Awksome programing languages (awk, nawk & gawk)
awk, nawk & gawk are different versions of the same programming language,
and are very similar. It is
recommended to use gawk or nawk, rather than the original version: awk, since
they are more stable and have more features!
Basically gawk will read a file and do something with each line.
Examples of using gawk:
gawk '{print $1}' test.dat       Print first field in file
gawk '{print $1, $2}' test.dat       Print first and second field in file
gawk '{print $0}' test.dat       Print entire line
gawk '{print substr($1,2,5),$0}' test.dat       Print characters 2-6 from first field and complete line in file
echo "Mary had a little lamb" |gawk '{line = $0; gsub (" ","",line);print line}'      Remove all spaces in all lines
gawk -v name=Mary -v animal=lamb '{print name,$1,animal}' test.dat      Passing variables to gawk
echo "THIS+IS+A+SENTENCE+SPLIT+BY+PLUS" | gawk -F "+" '{print $1,$2,$3,$4,$5,$6,$7}'      Split only input on "+" (rather than on any whitespace as is the default)

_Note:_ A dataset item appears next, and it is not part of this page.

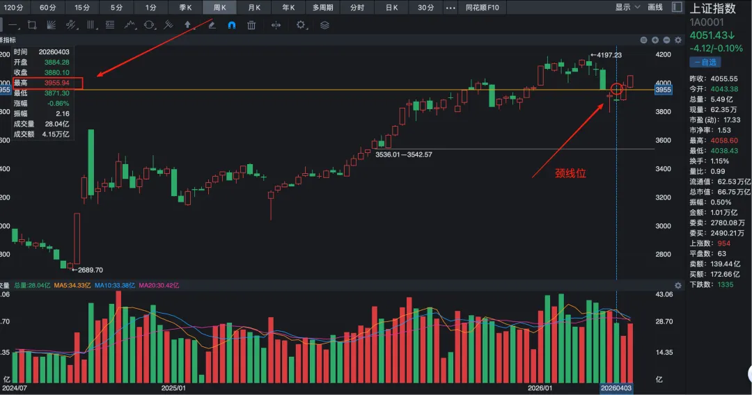 我们先看周线结构:4月3日那周高点3955.94,是小级别结构的颈线位。

echo "THIS+IS+A+SENTENCE+SPLIT+BY+PLUS" | gawk -F "+" '{for ( i=1;i<NF;i++ ) { printf( "%s ", $i)}printf( "%s\n", $NF)}'
A more elegant way of doing the same.
What did I do
history      The history command gives the old commands
Geting help - man
The man      gives help to most unix commands.
Examples:
man ls      get help to the ls command
Other usefull commands
which cat      Find out where a program (the cat program in this case) is installed. Often when you edit a program and nothing happens it is because you are editing another program than the one you are running
compress test.dat      compress test dat
uncompress      Uncompress a compressed file (.Z files)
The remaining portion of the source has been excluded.